Marinade for Grilled Chicken Breast



Apple juice and chicken breast make great friends.

You can also try this recipe for fish or practically any seafood you might like. Go crazy!

Ingredients for 2 ½ lbs (1,2kg) of meat:

1 Lime
1 cup of Apple juice (2,5dl)
1 cup of Olive oil
4 teaspoons of Honey
2 teaspoons of Salt
2 teaspoons of ginger (powder)
2 teaspoons of white pepper (powder)
One good handful of thyme, basil or oregano (ripped)

The process:

  1. Ask kids to do this
  2. Let them wash the lime well and grate 4 spoons of peel
  3. Encourage them to squeeze the juice out and mix all ingredients together

It’s all fun and good!

Here is the Grilled Chicken Breast recipe


  1. Miikkali

    Hi! I’m currently preparing this marinade for tomorrow’s dinner. Still a bit confused about what you mean by spoon. I’m familiar with teaspoons (5 ml) and tablespoons (15 ml), wondering which one you mean. As a laid-back person, I didn’t let this hinder me. I just went with teaspoons. I happened to have some honey spiced with cognac, so I used that. So, a little modification to your recipe, but I’m pretty sure it won’t do any harm.

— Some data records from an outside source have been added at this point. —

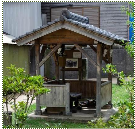
写真-7 復元された井戸場

豊富な湧水は、人々の暮らしにも深く関わっていました。湧水を利用した共同の井戸場が多数あって、人々は野菜や食器を洗ったり、洗濯などに利用したりして、井戸場は地元のおばさんたちの社交場でもあったそうです。昭和 40 年代以降水道の整備により、ほとんどの井戸が埋められてしまいましたが、平成 18 (2006) 年にかつての井戸場に屋根付きの木造上屋と、井戸場につながる木橋が整備されました。
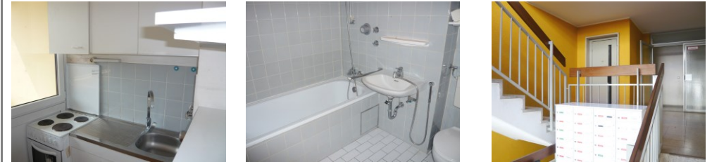
Von links nach rechts: Küche / Bad / Treppenhaus

Stand der Informationen in diesem Exposé: 17. Juli 2015
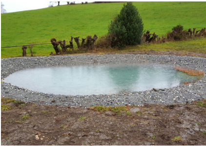
Neuer Weiher als Ersatzbiotop für einen Feuerweiher in Wald/AR.

Zwei der abgeschlossenen Rechtsfälle betrafen Rodungsgesuche im Zusammenhang mit Terrainaufschüttungen. Während in einem Fall in Heiden AR zu viel Aushub auf eine reguläre Deponie gebracht wurde (Aushub rutschte deshalb in ein bewaldetes Bachtobel), wurde im anderen Fall (Gemeinde Urnäsch) eine bewilligte Bodenverbesserungsmassnahme illegal ausgenutzt und zu viel Aushub zugeführt. Auch hier rutschte das überfüllte Terrain ab und verschüttete ein Waldstück. Beide Rodungsgesuche wurden nicht bewilligt und die Verursacher wurden verpflichtet, den Schaden zu bereinigen.
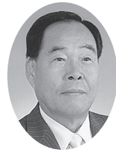
河井 美久 議員
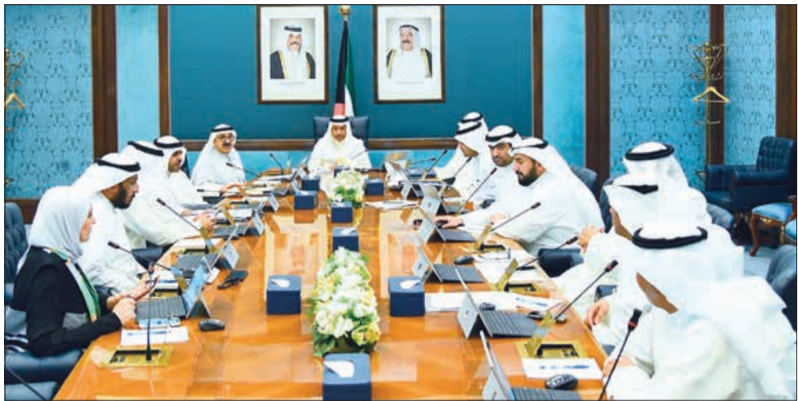
سمو الشيخ جابر المبارك مقرئاً اجتماع مجلس الوزراء

أكد مصدر مسؤول بوزارة الأشغال أن الوزارة طالبت وزارة المالية بتزويدها بميزانية إضافية لتغطية مشاريعها المنفذة والمتأخرة والبالغ عددها أكثر من 47 مشروعاً. وأضاف المصدر أن ميزانية وزارة الأشغال الحالية والتي تم رصدتها والبالغة نحو 500 مليون دينار لا تكفي
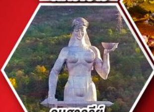
อนุสาวรีย์
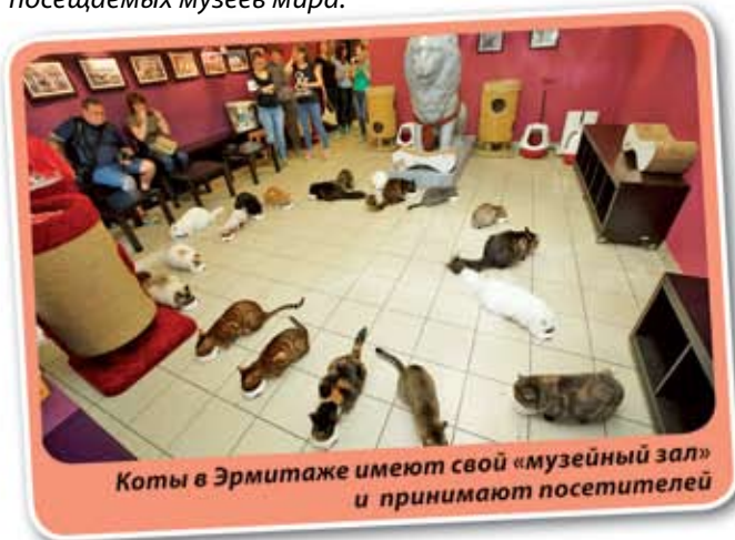
Коты в Эрмитаже имеют свой «музейный зал» и принимают посетителей

Петербурга, расположенный в центре города на Дворцовой площади. В музейный комплекс входят Зимний дворец, где жили русские императоры с семьями, Малый Эрмитаж, Эрмитажный театр, часть Главного штаба и другие здания. Эрмитаж – один из самых крупных и посещаемых музеев мира.
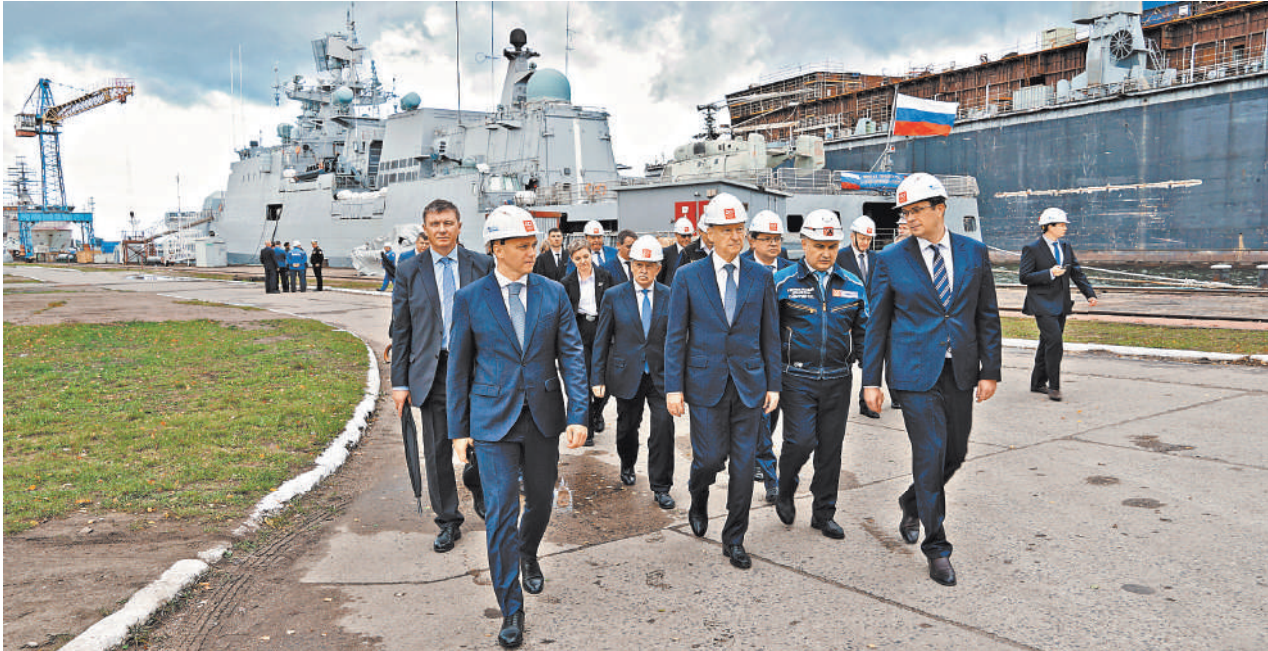
С момента образования в августе Морской коллегии РФ Николай Патрушев побывал на Северном, Тихоокеанском и Балтийском флотах. А также осмотрел производство и провел совещания на ведущих кораблестроительных заводах страны.

шается, продолжается проведение специальной военной операции, от госзаказчика, головных исполнителей и исполнителей государственных контрактов требуется максимальная отдача. —Наши корабли по своим характеристикам и по технологическому потенциалу должны превосходить аналогичные корабли вероятного противника,—подчеркнул он. Как заметил в беседе с «РГ» Патрушев, Россия, являясь великой морской державой, должна обладать мощным военно-морским флотом, в состав которого войдут корабли, предназначенные для выполнения задач в ближних, дальних морских зонах и океанских районах, иметь развитую систему базирования и обеспечения. —По сути дела, наступает очередной этап развития ВМФ. Государству требуется обеспечить такое качество нашего флота, которое позволит опередить технические возможности других морских стран,—констатировал Николай Патрушев. Напомним, что указ о создании Морской коллегии РФ Владимир Путин подписал 13 августа. В ее составе были созданы советы по стратегическому развитию Военно-морского флота РФ, по защите национальных интересов России в Арктике, по развитию и обеспечению морской деятельности РФ. В числе задач коллегии—укрепление обороны и безопасности России в Мировом океане, развитие Северного морского пути как национальной транспортной коммуникации РФ и обеспечение гарантированного доступа России к глобальным транспортным коммуникациям, а также предотвращение загрязнения морской среды. ●

    Sadly I won’t have the opportunity to cook outdoors in a proper grill, but will cook in the oven. I’ll report tomorrow.

    1. Johannes Leppihalme


      thank you for your note. I did miss the prefix for spoons. “Tea” it is and now updated accordingly. I am happy to learn you try out the recipe. Your modifications I welcome flags up high. Even more happy I am learning you are a laid-back person. That is what true BBQ is all about. Do not worry about cooking indoors. I have done that also with this recipe and it turned out well. It is all about attitude. You might want to try leaving some of the marinade on the bottom of your oven tray. It gives extra moisture and flavor to your meat.

      Looking forward to your report!

      1. Miikkali

        A late commentary here. I let the chicken breasts soak in marinade for about 24 hours as suggested. I cooked them on a rack in the oven at 200 C. I made a mistake in not using a thermometer, so I overcooked them a bit. It was partly because I was waiting for the surface to brown but it didn’t, so I turned the knob and gave them an extra blast of heat for fivish minutes. Even if the result was a tad dry, the taste was excellent. I will try this again, but next time I will use a thermometer and adjust the heat. Or I might just fry them in a pan. The marinade is an excellent basic recipe and easily lends itself to variation. I could add some chile powder next time, perhaps substitute dry ground ginger with chopped fresh.

        1. Johannes Leppihalme

          Thanks. I am happy you liked it. I will take your tip on adding chile powder.